As my older daughter Emily is learning to read, the other day I asked her to “help” me with my state quarters. She was reading the states, I put it away, and showed her the individual states on the map. But now I’m hoping to take it one step further.

Why would I do it?

Primarily, because as a father, all I can give the kids is what I have. There are other things they could be interested in, but it is much easier to teach them about something that I know, something that I’m excited about.

It is great education. Secretly I’m hoping to have two little coin collectors in the family, but I’m ok if it doesn’t happen. They will at least understand what am I doing after they go to bed, and what is so exciting about the new mail I’m getting here and there.
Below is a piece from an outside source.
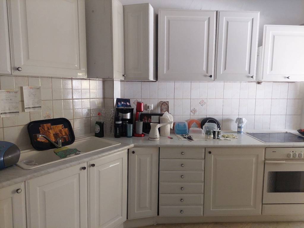 Πωλείται διαμέρισμα 1ο ορόφου χωρίς ασανσέρ .Ανετο μεγάλο 95 καθαρά μέτρα. Περιλαμβάνει σαλόνι κουζίνα χωριστά μπάνιο wc και δυο δωμάτια το ένα εξ αυτών τεράστιο σαν σαλόνι. Υπάρχει δυνατότητα να γίνει και τρίτο δωμάτιο αν πάρει τη κουζίνα από κει και την βάλει στο σαλόνι.

But what I’m really hoping to get out of it is the education I certainly would like them to have: at this age math skills and basic geography, later the understanding of history, cultures, politics and economy. Not necessarily at an expert level, but enough to understand the world around them. Text books can do the job too, but why not through something that is fun and doesn’t smell like learning? This is how I did it, I enjoyed it, and got very much out of it that is directly helping me today. I think it is worth a try.

There is another thing to coin collecting, the friendships I have made over the years through swapping coins with people around the world. It is much more valuable than my collection. Even if they will never become collectors, they will be able to peek into this world. Just an example, that we can talk about immediately. I was discussing coin collecting for kids on a mailing list. Out of the blue, one of the list members sent me an email that he is selling his collection and would be very happy to gift some albums to Emily. A day ago, I didn’t even know who Dave was, and today he is contributing to Emily’s education and entertainment. We can certainly talk about it when she puts the first coin into her album. And over the years, it is just one of many examples of how I met interesting and valuable people.

How will I do it?

Mostly I will play it by ear. I have my own ideas, but whatever works. I thought that state quarters are the best way to start with, until somebody pointed out that kids at this age are more interested in quantity and pennies and nickels maybe a better start.

One thing is for sure, while they will be able to see how to collect if you can’t see, I don’t want them to be blind collectors, and I will have to introduce labels, magnifiers, and the value of not touching higher quality coins. I will have to figure this out, fortunately for now, even a handful of change after shopping can contribute to the collection.

I like the idea of albums, however, just to distinguish a collection from spending money, not to mention the math and organization skills it creates.

What if they are not interested?

Could be. Maybe so far it was interesting because it was a novelty and they are not allowed to get into my collection on their own. If that’s the case, I will have to come up with another way of teaching history and geography.